Point 4.1 a) de l'ordre du jour GF/CRD RDCongo-1   

Forum mondial FAO/OMS
des responsables de la sécurité sanitaire des aliments

Marrakech (Maroc), 28 - 30 janvier 2002

URGENCES SANITAIRES NATIONALES ET TRANSFRONTIERES LIEES A L'ALIMENTATION

Par Hubert ALI RAMAZANI
Délégué de la République Démocratique du Congo

Document proposé par la République Démocratique du Congo



INTRODUCTION

La sécurité alimentaire constitue depuis plus d'une décennie une des préoccupations internationales surtout dans les Etats dits en voie de développement, lesquels sont pour la plupart, confrontés à l'épineux problème de la démographie croissante et à l'insécurité conséquente aux différentes guerres et aux troubles politiques.
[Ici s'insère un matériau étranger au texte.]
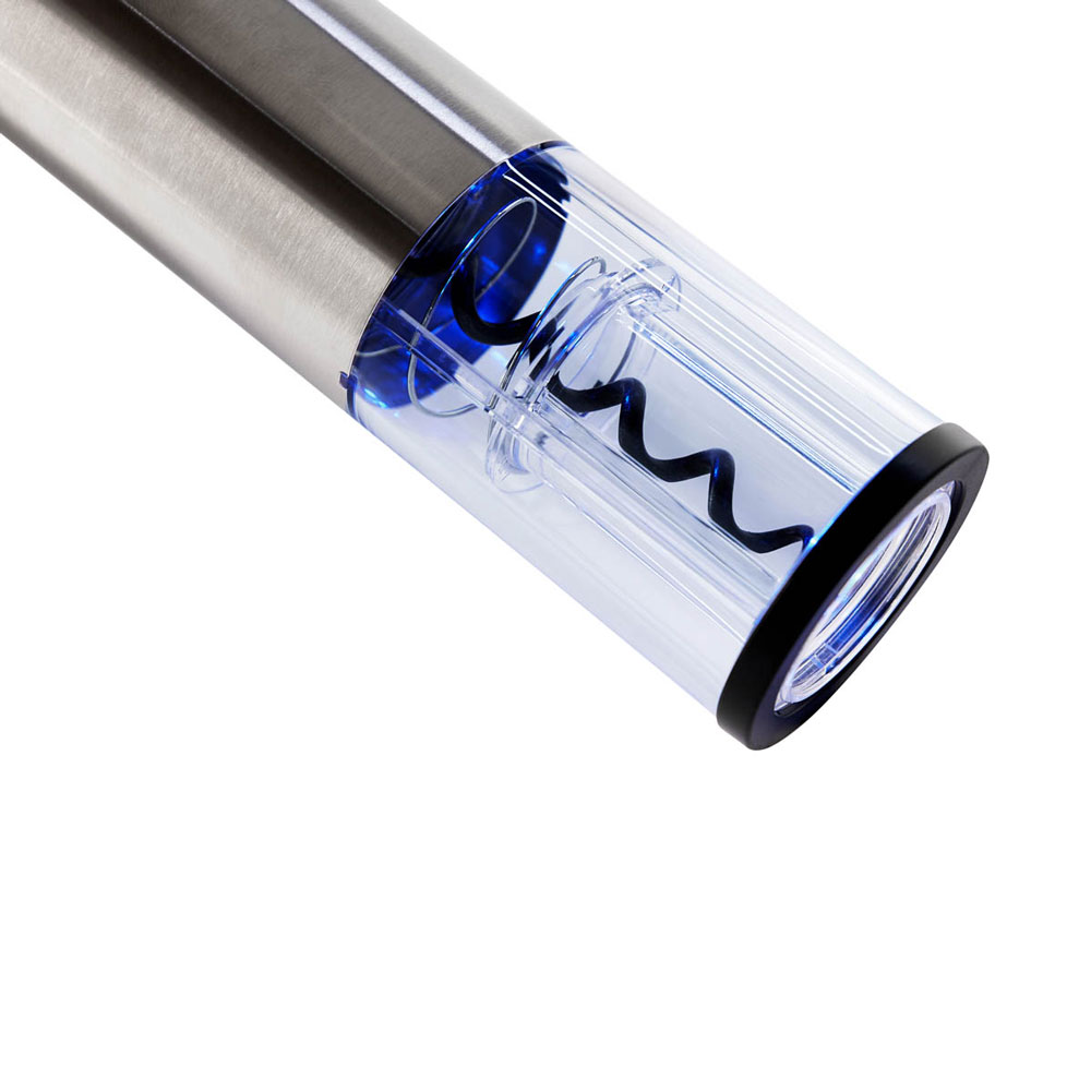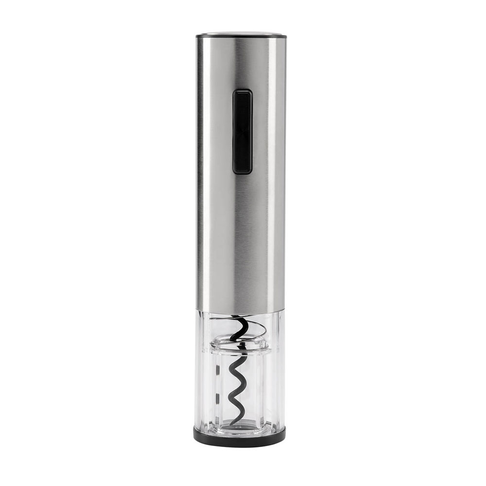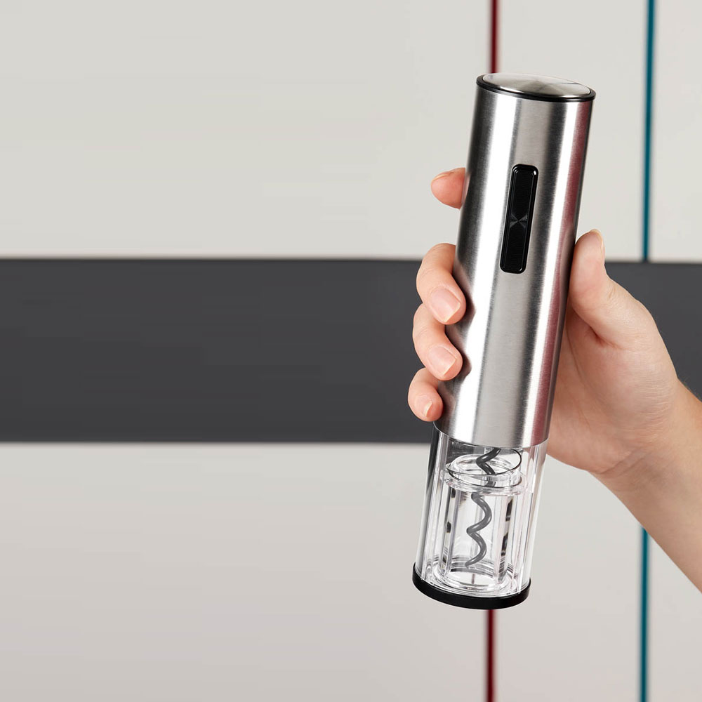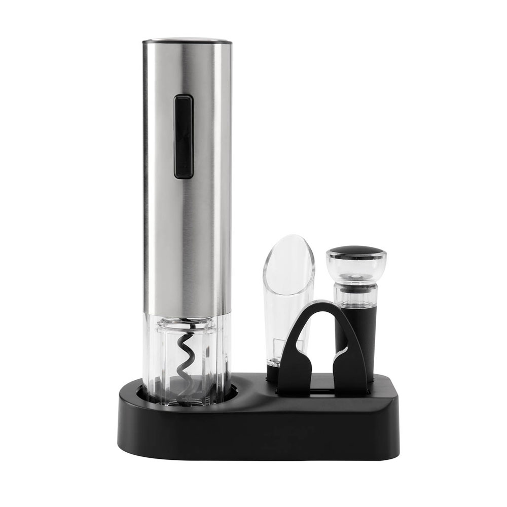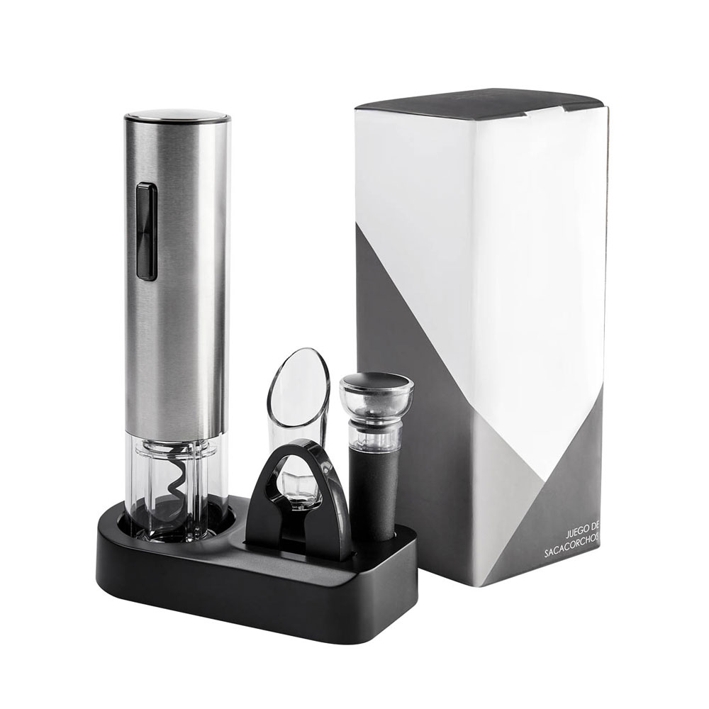 Set de sacacorchos eléctrico. Ideal para los amantes del vino. Contiene 1 sacacorchos con batería recargable y puerto tipo C, 1 cortador de papel aluminio, 1 vertedor para evitar salpicaduras, 1 tapón protector de vacío y 1 base para organizar los diferentes accesorios. Incluye cable auxiliar, manual de uso y caja individual.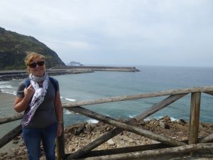 It is a lovely site, only yards from the sea and with mountains close behind us. We set up camp, which took a while as the pitch is not as level as it looks, then visited the camp restaurant/bar for a tapas lunch. You order your choices on a preprinted form, which you then hand in to the waitress who lets you know when it is ready to collect – an unusual system but it works, even with our non-existent knowledge of the local dialect. We then had a bracing walk by the beach and to the harbour before heading out to the nearest supermarket in Orio, about a mile away.
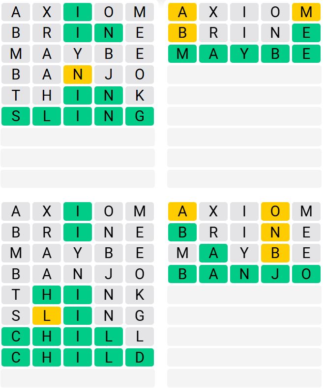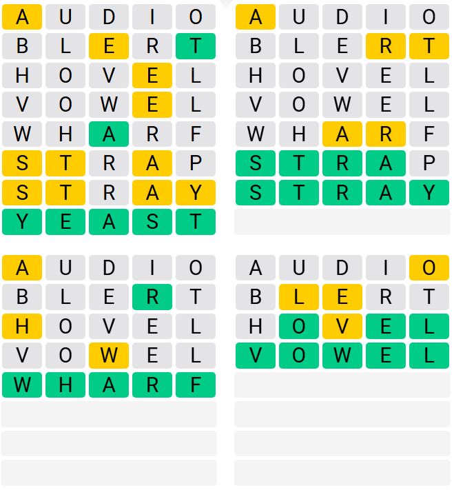 It’s the most well-liked each day phrase sport exterior of Wordle as a result of elevated stage of issue. Gamers should guess 4 five-letter phrases in as few as 9 makes an attempt, fairly than guessing one phrase.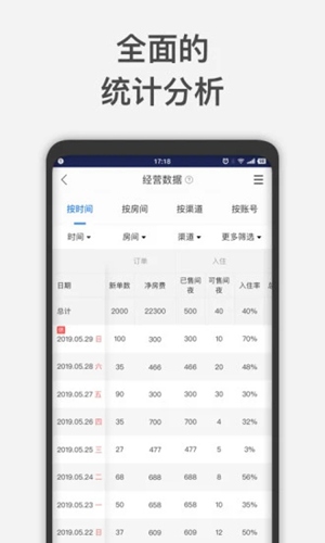统计功能,汇总房源在多个平台的出租情况,包括收入、支出、入住率等。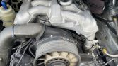 The 3.8-liter VarioRam flat-six is a replacement unit that was rebuilt and installed by European Performance Engineering of Natick, Massachusetts in 2013. The six-speed manual transaxle has been fitted with shorter gears, an upgraded clutch and flywheel, and steel synchros, sliders, and shift forks. Power is sent to the rear wheels through a Porsche Motorsports limited-slip differential.

De par sa position géographique au centre de l'Afrique et sa situation socio -politique la République Démocratique du Congo est confrontée à plusieurs urgences sanitaires liées à l'alimentation.

En effet, la République Démocratique du Congo est située en zones équatoriale et intertropicale où sévissent de nombreuses pathologies tant humaines que animales susceptibles de contaminer l'homme (zoonoses)

Sa situation socio-politique actuelle caractérisée notamment par la guerre fait que les structures étatiques de contrôle et de surveillance de la qualité des denrées alimentaires n'ont pas toujours les moyens logistiques et financiers pour effectuer les examens et tests requis.

Les urgences découlant de cet état de choses peuvent être regroupées autour des axes suivants :

  1. les urgences liées au processus de production ;
  2. les urgences découlant de l'importation des denrées alimentaires ;
  3. les risques occasionnés par les conditions de distribution et conservation du produit.

LES URGENCES LIÉES AU PROCESSUS DE PRODUCTION

Des risques non négligeables sont liés au processus de production de denrées alimentaires tant d'origine végétale que animale. Pour les produits d'origine végétale, il s'agit de contaminations dues à l'usage incontrôlé de pesticides et des engrais chimiques. Ces risques concernent surtout la production maraîchères, notamment les légumes et aussi les fruits produits dans les centres urbains et qui sont récoltés souvent avant la fin du délai d'attente pour satisfaire les demandes pressantes et alléchantes de la clientèle.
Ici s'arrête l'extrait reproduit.